Exercise inputs START

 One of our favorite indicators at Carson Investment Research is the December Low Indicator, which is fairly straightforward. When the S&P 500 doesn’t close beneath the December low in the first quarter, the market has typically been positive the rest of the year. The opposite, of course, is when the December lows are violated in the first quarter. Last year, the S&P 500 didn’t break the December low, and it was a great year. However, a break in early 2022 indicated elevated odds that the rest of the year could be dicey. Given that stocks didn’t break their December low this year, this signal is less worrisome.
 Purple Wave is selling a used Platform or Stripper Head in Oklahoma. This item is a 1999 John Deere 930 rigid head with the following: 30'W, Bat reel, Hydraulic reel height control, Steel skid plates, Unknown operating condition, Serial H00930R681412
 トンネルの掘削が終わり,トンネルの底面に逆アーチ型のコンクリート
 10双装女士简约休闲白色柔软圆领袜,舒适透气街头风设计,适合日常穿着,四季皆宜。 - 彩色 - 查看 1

Exercise inputs END
Exercise inputs START

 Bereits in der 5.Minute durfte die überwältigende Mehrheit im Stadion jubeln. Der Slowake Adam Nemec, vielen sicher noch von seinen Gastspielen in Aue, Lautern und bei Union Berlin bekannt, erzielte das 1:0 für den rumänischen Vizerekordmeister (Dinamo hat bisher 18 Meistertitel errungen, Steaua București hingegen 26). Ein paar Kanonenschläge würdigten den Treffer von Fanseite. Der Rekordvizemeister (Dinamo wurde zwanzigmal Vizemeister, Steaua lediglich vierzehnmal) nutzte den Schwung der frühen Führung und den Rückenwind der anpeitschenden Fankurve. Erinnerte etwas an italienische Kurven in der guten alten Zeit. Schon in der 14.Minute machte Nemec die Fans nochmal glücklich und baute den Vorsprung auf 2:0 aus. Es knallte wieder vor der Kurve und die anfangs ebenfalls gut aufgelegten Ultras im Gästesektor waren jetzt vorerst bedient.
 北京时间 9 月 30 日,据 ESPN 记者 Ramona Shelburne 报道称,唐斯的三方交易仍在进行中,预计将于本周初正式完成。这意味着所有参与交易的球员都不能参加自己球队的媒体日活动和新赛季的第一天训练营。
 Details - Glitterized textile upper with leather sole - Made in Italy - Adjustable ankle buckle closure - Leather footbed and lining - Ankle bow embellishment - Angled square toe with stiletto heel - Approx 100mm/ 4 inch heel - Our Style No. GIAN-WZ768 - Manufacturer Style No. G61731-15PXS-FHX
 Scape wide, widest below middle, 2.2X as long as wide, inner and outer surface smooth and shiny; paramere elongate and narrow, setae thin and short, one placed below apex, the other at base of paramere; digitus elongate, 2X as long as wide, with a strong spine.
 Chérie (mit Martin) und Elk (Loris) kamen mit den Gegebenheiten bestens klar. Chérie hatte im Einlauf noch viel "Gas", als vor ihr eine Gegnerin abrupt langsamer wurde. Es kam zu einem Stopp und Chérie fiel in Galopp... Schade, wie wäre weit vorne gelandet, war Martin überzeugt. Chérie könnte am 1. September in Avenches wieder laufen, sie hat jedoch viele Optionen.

Exercise inputs END

◆ Task prompt ◆
Would you output, from the records above, exactly the run of lines that starts at the line containing "One of our favorite" and ends at the line containing "10双装女士简约休闲白色柔软圆领袜,舒适透气街头风设计,适合日常穿着,四季皆宜。 - 彩色", and only that run?

◆ Reply ◆
 One of our favorite indicators at Carson Investment Research is the December Low Indicator, which is fairly straightforward. When the S&P 500 doesn’t close beneath the December low in the first quarter, the market has typically been positive the rest of the year. The opposite, of course, is when the December lows are violated in the first quarter. Last year, the S&P 500 didn’t break the December low, and it was a great year. However, a break in early 2022 indicated elevated odds that the rest of the year could be dicey. Given that stocks didn’t break their December low this year, this signal is less worrisome.
 Purple Wave is selling a used Platform or Stripper Head in Oklahoma. This item is a 1999 John Deere 930 rigid head with the following: 30'W, Bat reel, Hydraulic reel height control, Steel skid plates, Unknown operating condition, Serial H00930R681412
 トンネルの掘削が終わり,トンネルの底面に逆アーチ型のコンクリート
 10双装女士简约休闲白色柔软圆领袜,舒适透气街头风设计,适合日常穿着,四季皆宜。 - 彩色 - 查看 1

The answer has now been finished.